One would not suspect them written by the son of an Archbishop of Canterbury--and the founder of the newest English Cathedral, Truro. His siblings followed their father into the church; they were not known for their humor, though the church must require some.
Lucia's coastal town of Tilling [and its summer dynamics, each homeowner moving out to the next lower rent to make way for what Mainers call "the summer complaint") explains any coastal town in New England. The particular dynamics of Tilling are more closed, bounded almost by the town itself--which only adds to our amusement.
The neighborly concern for others' gardens, or tea, or habits, strikes home as a fundamental of human behavior. The great ape knows where, exactly, she is on the pecking order, while the novelist brings exactly that into question. Perhaps only an Archibishop's son could write with such assurance and amusement about pecking order and neighborly intrusion.

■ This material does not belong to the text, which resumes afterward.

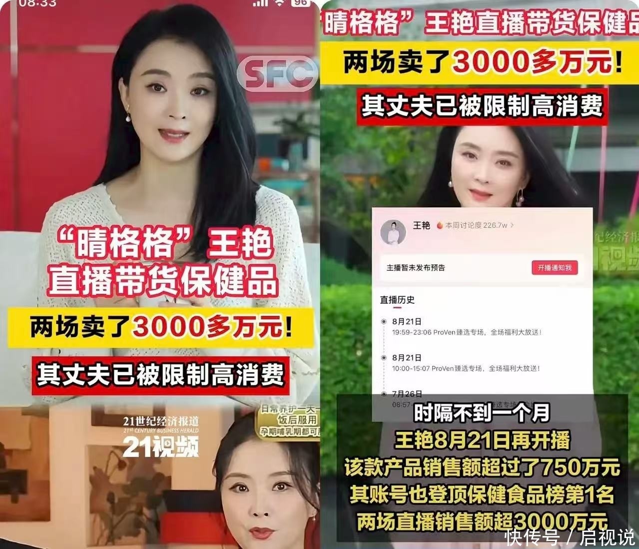 除了拍戏,为了维持生计,王艳还开启了直播带货。

I wonder if Benson will ever be "taught." He is too accessible, too apparently simple, and yet doubtless, one of the greatest novelists of the 20th C. Americans will never credit my statement, since they're looking for "serious" lit. I have told them for decades (in classes): the best "serious" lit is humorous--Chaucer, Shakespeare, Moliere, Wycherley, L Sterne, Byron, Austen, Dickens, Twain, Bellow, etc. ( )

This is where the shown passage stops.